The governors are at a crossroads. They are choosing between the path of Gov. Sam Brownback in Kansas, who has refused to change course even after tax cuts provoked furious opposition, and that of Alabama's Robert Bentley, who has said the state's perennially precarious budget has reached the breaking point.

“I don't want to raise taxes, but I also know that we need to pay our debts,” Bentley said in an interview. “We don't have any choice.”

Governors in about 10 states, many led by Republicans, are proposing increases this year, said Brian Sigritz, director of state fiscal studies for the National Association of State Budget Officers in Washington. Several plans involve raising fuel taxes to pay for crumbling roads and bridges, while Republicans including John Kasich in Ohio and Maine's Paul LePage want higher sales or other levies to offset income-tax cuts. The burden of such taxes falls more heavily on the poor, who spend a larger proportion of their income.

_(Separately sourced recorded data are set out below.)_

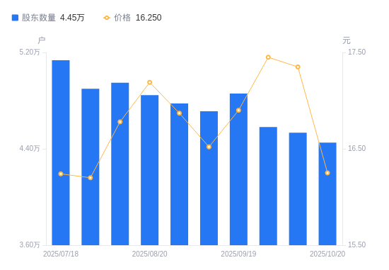 近一年(2024年10月31日至2025年10月20日),博实股份A股股东户数从3.15万户,增加至4.45万户,增幅41.33%,区间股价上涨13.48%。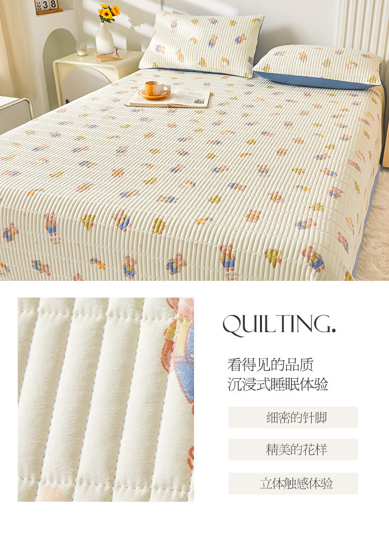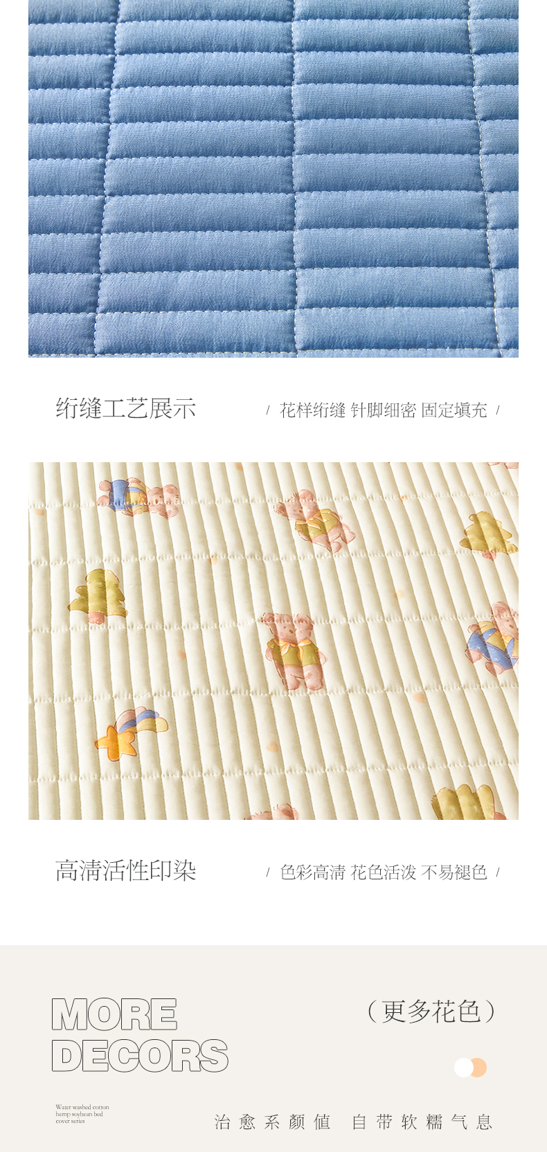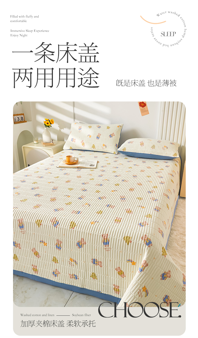 商品名称:圣比熊水洗棉麻床盖大豆纤维夹棉加厚宿舍铺盖两用床单床裙保护垫 童话乐园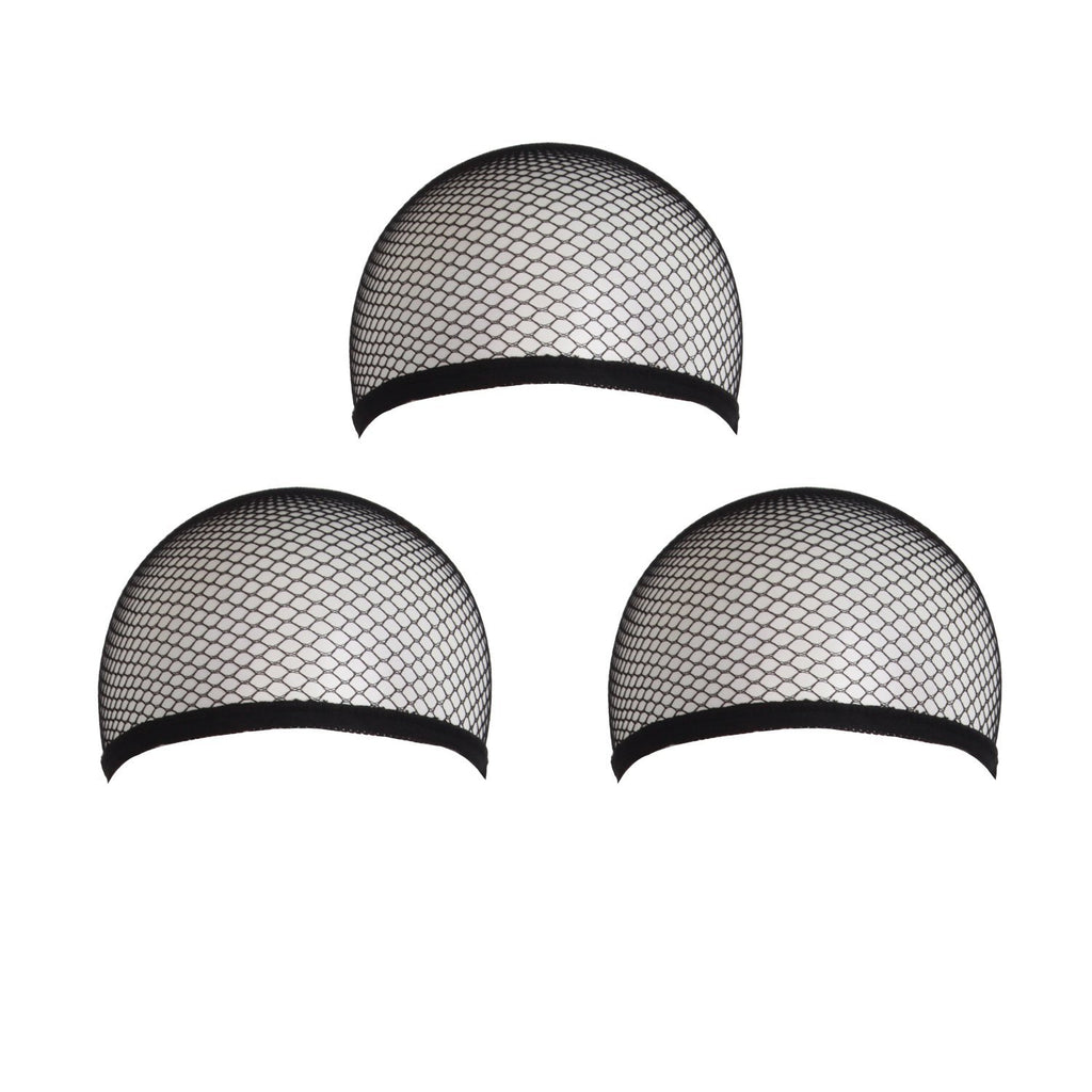 MapofBeauty 3 Pieces Elastic Hair Mesh Net One Size Wig Caps(Black)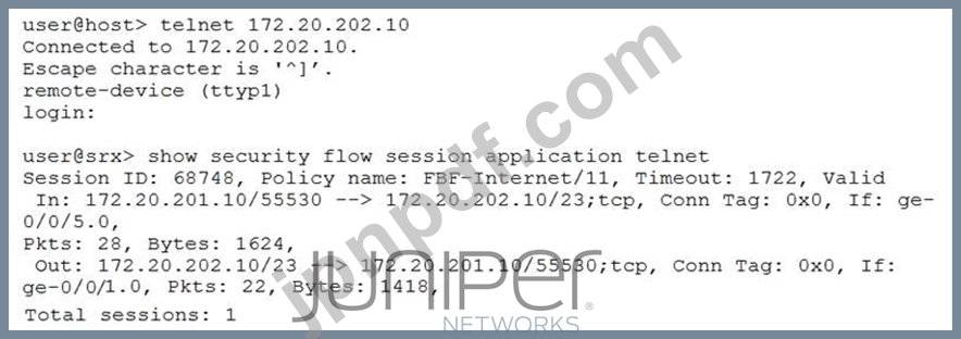 新しいブランチサイトを実装していて、インターネットトラフィックがISPに直接送信され、その他のトラフィックが会社の本社に送信されるようにしたいと考えています。この目的を達成するために、フィルターベースの転送を構成しました。展示に示されている出力を使用して、適切な機能を確認します。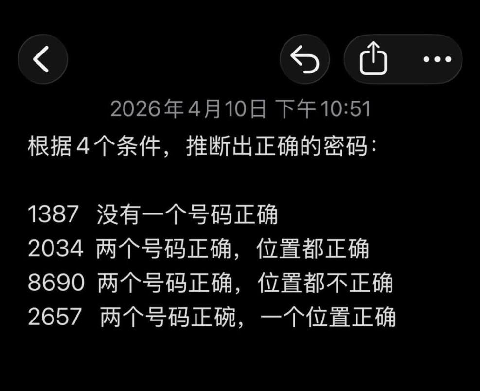 根据4个条件,你能推断出正确的密码吗? 1387 没有一个号码正确 2034 两个号码正确,位置都正确 8690 两个号码正确,位置都不正确 2657 两个号码正碗,一个位置正确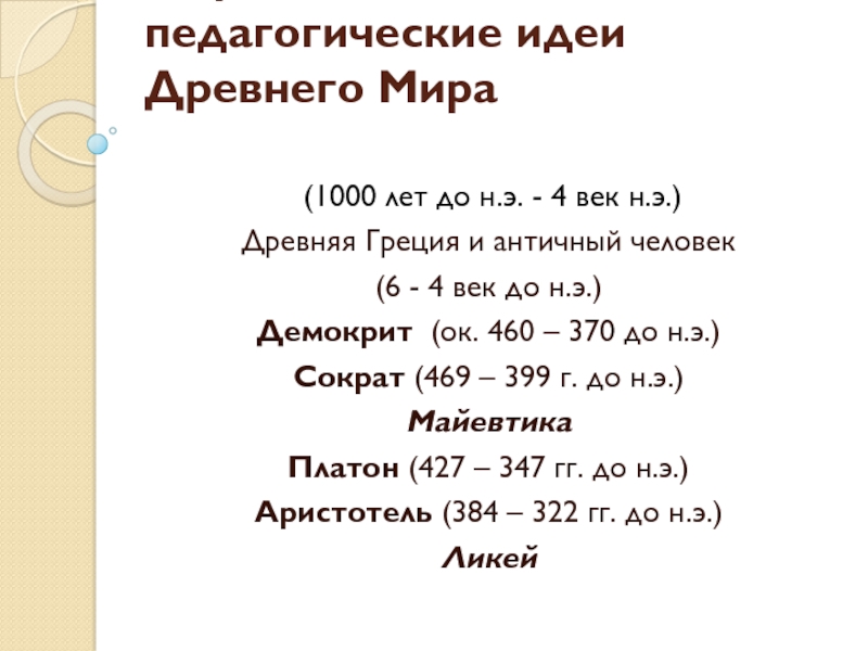 Слайд 3Образование и педагогические идеи Древнего Мира
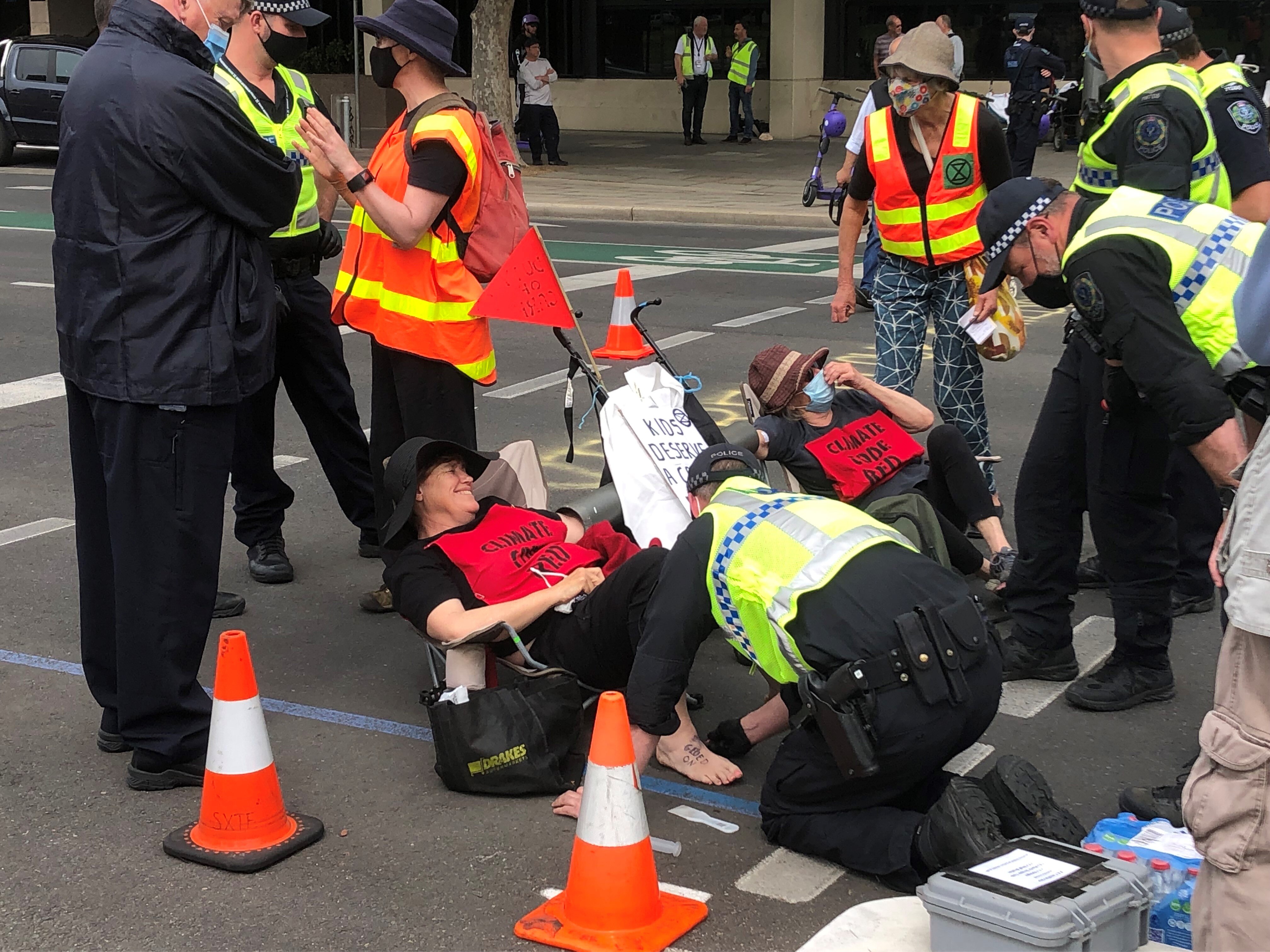 "It wasn't done with the extremist elements that we've seen Extinction Rebellion exercise — no-one was hanging themselves upside down from Morphett Street bridge in a way that resulted in people being unable to get to and from the Royal Adelaide Hospital," he said.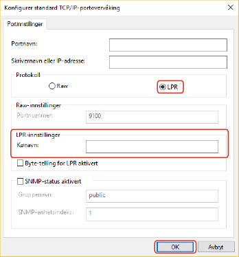 (1) Velg [LPR] for [Protokoll] → spesifiser én av skriverkøene for [Kønavn] i [LPR-innstillinger].

In Nevada, two-term Republican Gov. Brian Sandoval has proposed $1.1 billion in new or continued business, tobacco and other taxes to pay for education and initiatives such as expanding full-day kindergarten.

He said he has no choice with a shortfall caused by declining mining and gambling revenue, as well as a need to spend more on an education system that has the worst high-school graduation rate in the U.S.

His proposal has drawn opposition from Republican officials such as Treasurer Dan Schwartz, who said voters rejected two similar proposals in November and that Sandoval has “divorced” himself from state Republicans.

Sandoval said there are Republicans who support his plan, and that business leaders want better-educated workers.